症状の経過を観察しながら、必要に応じて間接的介入(保護者指導)から直接的介入(子どもへの練習)に移行します。吃音が固定化するリスクがある場合や重症化が見られる場合には、より積極的な介入が検討されます。
就学前の吃音支援として、保護者が家庭で実施し言語聴覚士が伴走する「リッカムプログラム(Lidcombe Program)」があります。また、就学後には、言語聴覚士による支援のほかに、小学校のことばの教室(言語通級)で、つっかえにくい話し方の練習をするなどの取り組みが行われています。
就学を見据えた関わり
5歳は就学を意識する時期です。発表の順番や形式の選択、答えるまで待ったほうがよいか、ひとりで発表するのではなくペアや小集団から始める工夫など、園・学校での配慮の方法を検討し、園や学校の先生と共有していきます。吃音に対するからかいがあれば、やめさせる必要があります。
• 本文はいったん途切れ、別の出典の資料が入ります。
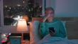 Elderly man scroll smartphone dark uncomfortable on bed - 4K stock video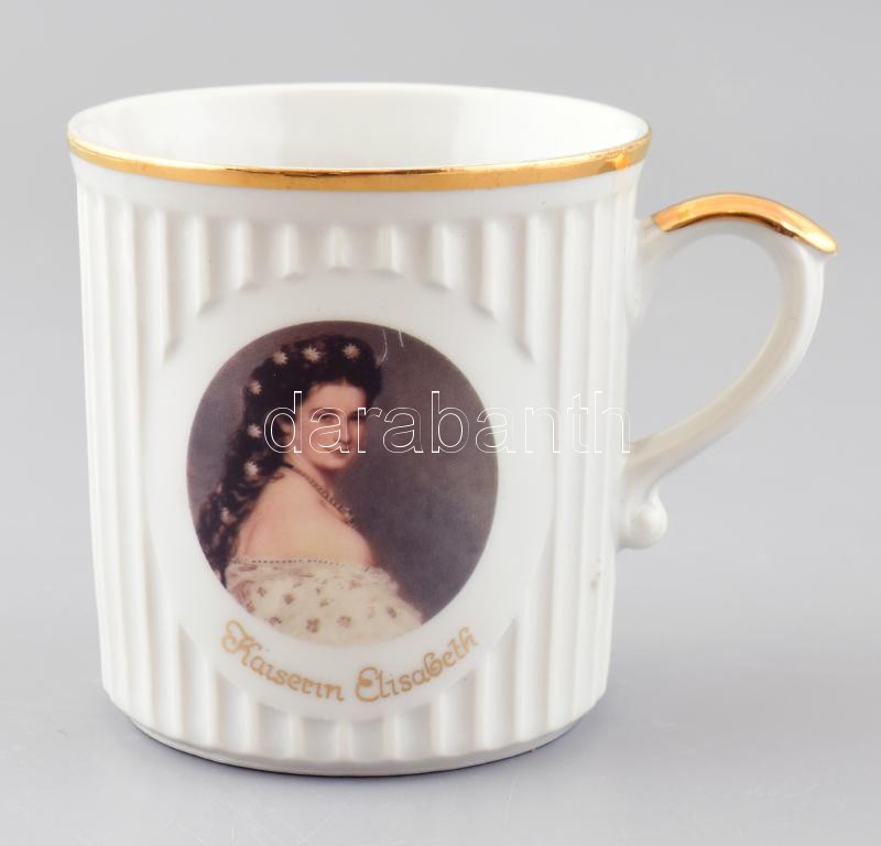 cca 1930 Ferenc József császár és Erzsébet (Sisi) császárné képével díszített porcelán emlék bögre. Matricás, jelzett, hibátlan. 8,5 cm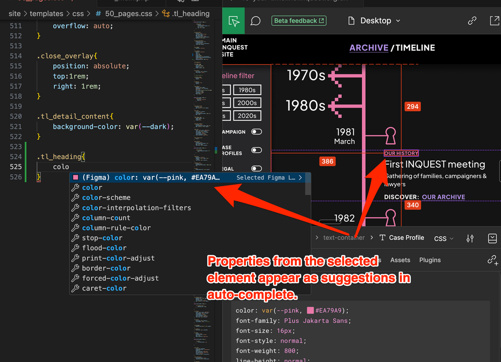 23. One thing that has improved the speed at which I can mark up a design from Figma is the VS Code extension. I can open a design in a VS Code tab, and then not only see the the properties for an element but also have them appear as auto-complete suggestions as I type. Given that mostly I'm just grabbing one or two properties for an element that's really useful. The same goes for assets; I can copy SVG elements directly to paste into my markup or export them straight into my project folder. If you use Figma and VS Code then it's definitely worth checking out.

目標は「症状をゼロにする」こととは限らず、その子が自己肯定感を削られることなく社会や集団に参加できる環境を守ることです。保健師さんからは、地域の言語聴覚士、発達外来、「ことばの教室」など相談先への橋渡しをお願いできれば幸いです。
機能だけでなく活動・参加へ
健診は、同じ尺度で「合格・不合格」を決められる場ではありません。特に5歳になると、個々の育ちが豊かに分化し、ひとつの機能だけを切り出して評価しても全体像はつかみにくくなります。
ICF(国際生活機能分類)の観点でいえば、見るべき重心は「機能」そのものの獲得の有無だけでなく、日常の場面での「活動」や「参加」がどの程度うまく回っているか、環境調整でどこまで支えられるか、という点に移っていきます。つまり、ある能力が相対的に弱く見えても、家庭や園の工夫によって困りごとが目立たないこともありますし、逆に機能面は保たれていても、場面の要求が高まることでつまずきが出ることもあります。
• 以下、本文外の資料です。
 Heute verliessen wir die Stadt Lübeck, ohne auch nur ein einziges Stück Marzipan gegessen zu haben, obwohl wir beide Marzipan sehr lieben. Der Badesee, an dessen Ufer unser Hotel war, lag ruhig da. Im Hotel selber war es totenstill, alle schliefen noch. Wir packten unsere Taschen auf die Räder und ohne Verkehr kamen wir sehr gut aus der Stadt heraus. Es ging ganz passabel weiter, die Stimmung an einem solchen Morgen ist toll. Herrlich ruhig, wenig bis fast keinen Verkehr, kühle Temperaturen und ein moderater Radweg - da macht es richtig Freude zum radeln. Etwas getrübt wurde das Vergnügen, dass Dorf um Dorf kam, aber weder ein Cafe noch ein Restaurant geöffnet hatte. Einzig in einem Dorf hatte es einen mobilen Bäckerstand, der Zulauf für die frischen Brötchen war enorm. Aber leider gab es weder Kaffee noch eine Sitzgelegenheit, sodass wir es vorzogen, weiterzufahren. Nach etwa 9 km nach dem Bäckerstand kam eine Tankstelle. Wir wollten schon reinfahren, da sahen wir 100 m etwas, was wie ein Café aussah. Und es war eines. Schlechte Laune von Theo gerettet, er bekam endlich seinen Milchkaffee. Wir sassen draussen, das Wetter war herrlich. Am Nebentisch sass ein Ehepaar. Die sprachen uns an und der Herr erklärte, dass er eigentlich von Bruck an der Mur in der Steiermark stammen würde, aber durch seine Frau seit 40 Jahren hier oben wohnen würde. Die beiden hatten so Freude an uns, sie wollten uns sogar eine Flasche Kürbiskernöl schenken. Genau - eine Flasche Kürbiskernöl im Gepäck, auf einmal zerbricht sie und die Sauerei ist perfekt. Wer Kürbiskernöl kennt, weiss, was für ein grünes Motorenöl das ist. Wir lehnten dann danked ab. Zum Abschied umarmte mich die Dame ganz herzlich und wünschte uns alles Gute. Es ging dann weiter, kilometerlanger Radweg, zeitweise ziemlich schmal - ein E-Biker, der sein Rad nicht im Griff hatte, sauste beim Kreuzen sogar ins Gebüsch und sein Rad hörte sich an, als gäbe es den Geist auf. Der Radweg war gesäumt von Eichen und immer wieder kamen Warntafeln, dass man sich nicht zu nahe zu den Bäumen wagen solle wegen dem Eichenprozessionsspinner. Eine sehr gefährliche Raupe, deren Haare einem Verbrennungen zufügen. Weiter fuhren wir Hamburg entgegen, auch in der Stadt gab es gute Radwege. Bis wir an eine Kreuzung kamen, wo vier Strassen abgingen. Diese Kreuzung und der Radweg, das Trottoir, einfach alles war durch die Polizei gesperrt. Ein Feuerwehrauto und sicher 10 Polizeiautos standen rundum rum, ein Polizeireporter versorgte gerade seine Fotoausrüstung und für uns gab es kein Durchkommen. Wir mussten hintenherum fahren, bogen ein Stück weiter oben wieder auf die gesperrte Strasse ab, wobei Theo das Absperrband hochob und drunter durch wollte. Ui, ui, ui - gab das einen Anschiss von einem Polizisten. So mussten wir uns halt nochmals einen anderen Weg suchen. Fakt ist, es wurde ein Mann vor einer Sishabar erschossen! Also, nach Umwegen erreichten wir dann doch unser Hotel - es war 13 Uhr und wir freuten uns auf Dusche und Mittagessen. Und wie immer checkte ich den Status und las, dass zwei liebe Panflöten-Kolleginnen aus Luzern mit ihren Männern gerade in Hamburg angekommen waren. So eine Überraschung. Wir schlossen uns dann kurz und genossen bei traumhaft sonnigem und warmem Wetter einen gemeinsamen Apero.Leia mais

だからこそ5歳児健診には、従来のスクリーニングとしての役割に加え、「育ちを支えるための具体策をその場で一緒に探し、必要な資源へ橋渡しする」という、難しい役割が求められているのだと考えを巡らせます。就学後につながる環境と支援を整えることを大切にしていけたらと思います。
【参考にした資料】
- ・5歳児健診ポータル https://gosaiji-kenshin.com/ (最終閲覧日:2025年10月21日)
- ・「幼児吃音臨床ガイドライン第1版(2021)」発達性吃音(どもり)の研究プロジェクト https://plaza.umin.ac.jp/kitsuon-kenkyu/index.html (最終閲覧日:2025年10月21日)
- ・『吃音面談・臨床の手引き-初めてかかわる方へ 幼児期から学童期- 2025年改訂 インテーク版』 日本吃音・流暢性障害学会 https://www.jssfd.org/shiryou.html (最終閲覧日:2025年10月21日)
おすすめの本
『小児吃音臨床のエッセンス 初回面接のテクニック』
菊池良和 編著 学苑社(2015)
吃音の相談がどのように進んでいくのか、特に初回にどのようなことを保護者にお伝えすればよいのか迷われる方は、この本で詳しく学ぶことができおすすめです。健診の場で吃音の相談があったケースについても紹介されています。
上記の「参考にした資料」の中にも、面接で聞くべきこと、確認すべきことがまとまっています。